And from what I see in the x86 openqa instance for Rawhide composes, also x86 suffers from this "no IP" problem.
adding kernel maintainers to CC, it might be something wrong on the kernel side.
still a problem with kernel-4.20.0-0.rc1.git3.1.fc30
strace output from dhclient looks like ... 3756 socket(AF_PACKET, SOCK_RAW, 768) = 7 3756 ioctl(7, SIOCGIFINDEX, {ifr_name="enp0s1", }) = 0 3756 bind(7, {sa_family=AF_PACKET, sll_protocol=htons(ETH_P_ALL), sll_ifindex=if_nametoindex("enp0s1"), sll_hatype=ARPHRD_NETROM, sll_pkttype=PACKET_HOST, sll_halen=0}, 20) = 0 3756 setsockopt(7, SOL_PACKET, PACKET_AUXDATA, [1], 4) = 0 3756 setsockopt(7, SOL_SOCKET, SO_ATTACH_FILTER, {len=11, filter=0x116fc27f8}, 16) = -1 ENOTSUPP (Unknown error 524) 3756 getpid() = 3756 3756 send(3, "<27>Nov 13 12:13:21 dhclient[375"..., 90, MSG_NOSIGNAL) = 90 3756 write(2, "Can't install packet filter prog"..., 54) = 54 ... Building kernel with CONFIG_BPFILTER enabled to see if it helps.

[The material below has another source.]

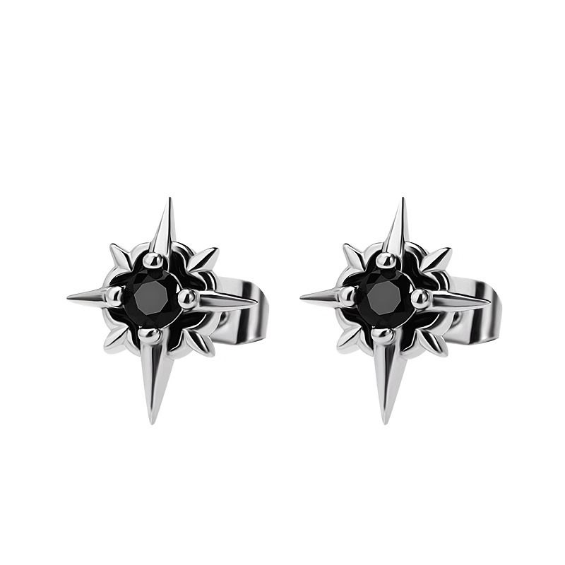 Color: Sterling silver needle polaris stud earrings - silver & black

Note that I found the problem by investigating an openqa test fail on AtomicHost iso (in my own openqa environment) but this test is fine on x86-64, this is why I thought at beginning it was a ppc64le specific problem. test on AtomicHost iso ok on x86-64 with Fedora-Rawhide-20181112.n.0 https://openqa.stg.fedoraproject.org/tests/393668
Nothing to do with dhclient in this case. errno 524 (ENOSUPP) is internal to kernel/bpfilter(?) and should not be exposed (see GETSOCKOPT(2))
switch back to ppc64le, seems x86_64 really isn't affected by this
Indeed, the official openQA tests on ppc64le do seem to be suffering from this, same tests on other arches are not. I just spent an hour rediscovering this, I should've looked for bug reports from Guy first :P
I get the same error if I use rtl8139 as the network device rather than virtio-net, if it helps at all.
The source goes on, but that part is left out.